I rode in to town on an ass... ur momas ass!!

What did the boyfriend ask his girlfriend for on his birthday? Pokemon Yellow version.

Knock Knock Who's there? (Pause) Who's there? Hello? Bloody kids

What do you call a girl who can run faster than me? Virgin

What is the connection between a blonde and a halogen headlamp? There is none, one is a female human being with blonde hair and the other is a headlamp with a halogen lightbulb.

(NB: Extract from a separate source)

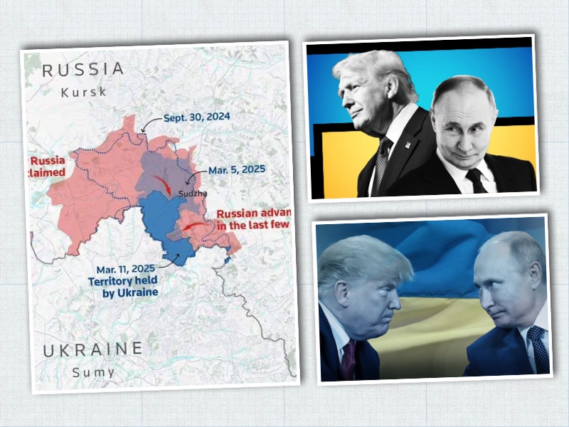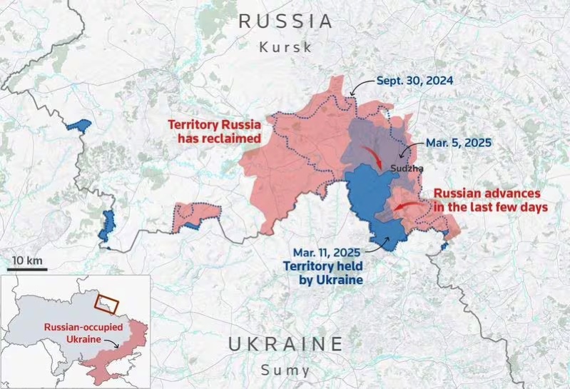 Tổng thống Donald Trump đă gây sức ép rất lớn để buộc Ukraine phải đồng ư ngừng bắn, yếu tố dễ thấy nhất trong số đó là thông báo tại Nhà Trắng hai tuần trước, sau khi căng thẳng nổ ra, rằng Hoa Kỳ đă ngừng mọi hỗ trợ quân sự cho Ukraine. Đổi lại, Ukraine ngay lập tức mất đi phần lớn sự hỗ trợ t́nh báo của Mỹ, tiền tuyến Kursk sụp đổ chỉ trong chốc lát, quân Nga chiếm lại hơn chục khu định cư trong một tuần và giờ đây có vẻ như họ đă chiếm được cả Sudzha.

whats sad about 4 black guy drivein off a cliff in a cadalic a wast of good cadalic

cancer cancer cancer cancer cancer cancer cancer cancer cancer cancer cancer cancer cancer cancer cancer cancer cancer cancer cancer cancer cancer cancer cancer cancer cancer cancer cancer cancer cancer cancer cancer cancer cancer cancer cancer cancer

what did the boy say to the alien? ET i will protect you. The alien slaps him for being stupid

why didnt the old man go to his sons birthday he died.........nah i lied he went went

WHat did the Somalian girl get for Christmas? AIDS

Why did the Mexican jump of the roof? Because he had a serious meth addiction that was destroying his family and he could not live with the awful things he did to get his fix.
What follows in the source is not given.